The paper explores a conceptual approach to the question of what it means to provide a university education that addresses equity, and encourages the formation of STEM graduates oriented to public-good values and with commitments to making professional contributions to society which will advance human well-being. It considers and rejects resource-based and utilitarian approaches to well-being and opts for Amartya Sen and Martha Nussbaum’s capabilities approach which involves developing graduates’ capabilities and functionings to be and do in ways which they have reason to value. The capabilities approach argues for educational and social development as the expansion of such freedoms. The approach is sensitive also to diversity through the focus on the choice of a plurality of functionings and a wide informational basis for policy, practice and social justice evaluations. It allows an analysis of how different individuals can convert available resources into functionings through attending to conversion factors: personal (internal) conversion factors, social conversion factors and environmental (external) conversion factors. All make a difference to how an individual converts her resources into functionings and makes advantage and disadvantage visible.
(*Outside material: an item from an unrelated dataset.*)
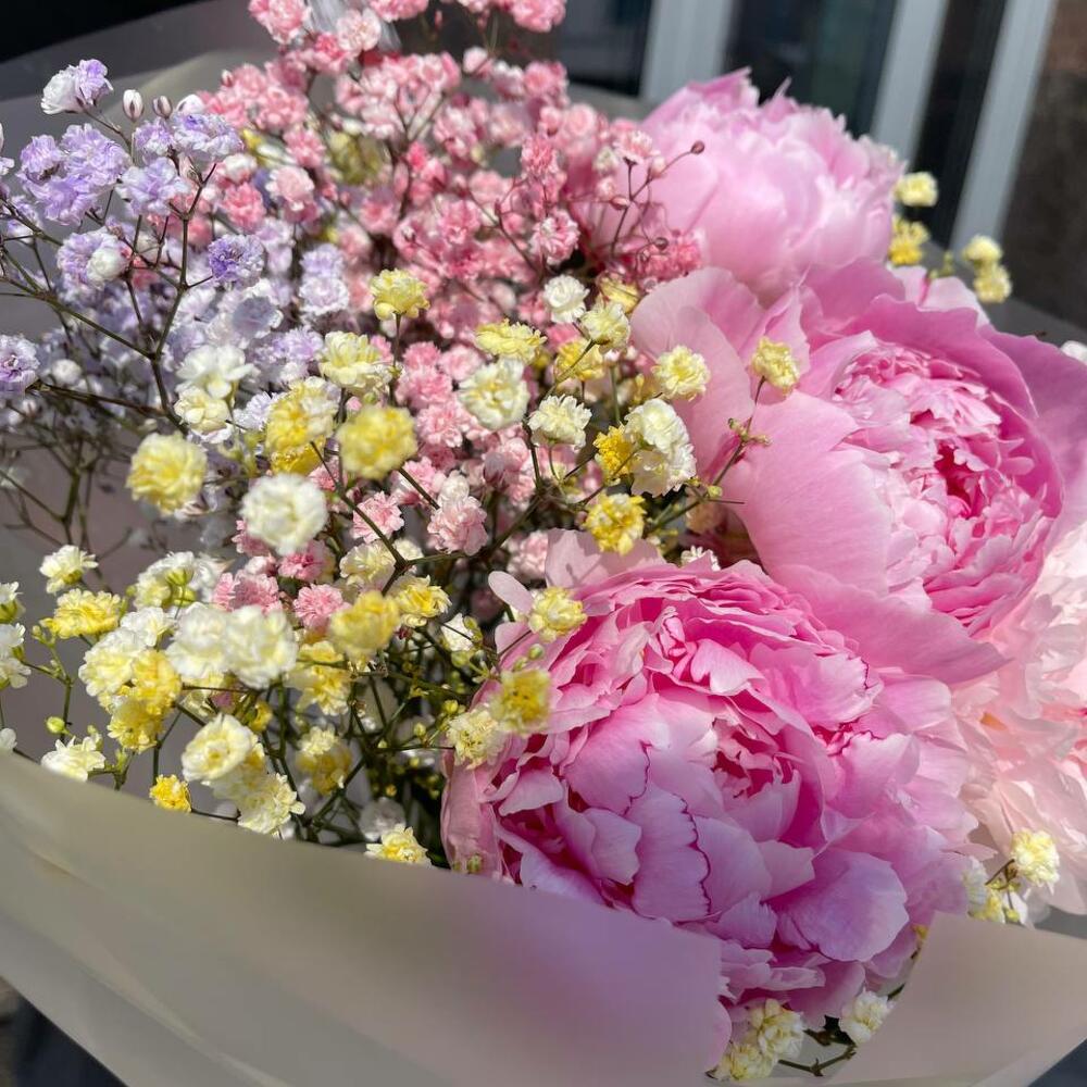 Милый букет из розовых пионов и радужной гипсофиллы в элегантной упаковке

There is a further education-specific issue, that of selecting core valuable capabilities because not any form of science and engineering education will do. Educators need to deliberate and agree which capabilities and corresponding functionings are valuable and so should be supported in policy and practice. In a capabilities-friendly education, education would aim to secure and distribute valuable education capabilities to diverse students (women and men, black and white, rural and urban and so on) paying attention to the social arrangements in education (pedagogies, institutional culture and education policy) and to conversion factors and barriers that might impede the development of opportunities and valued outcomes.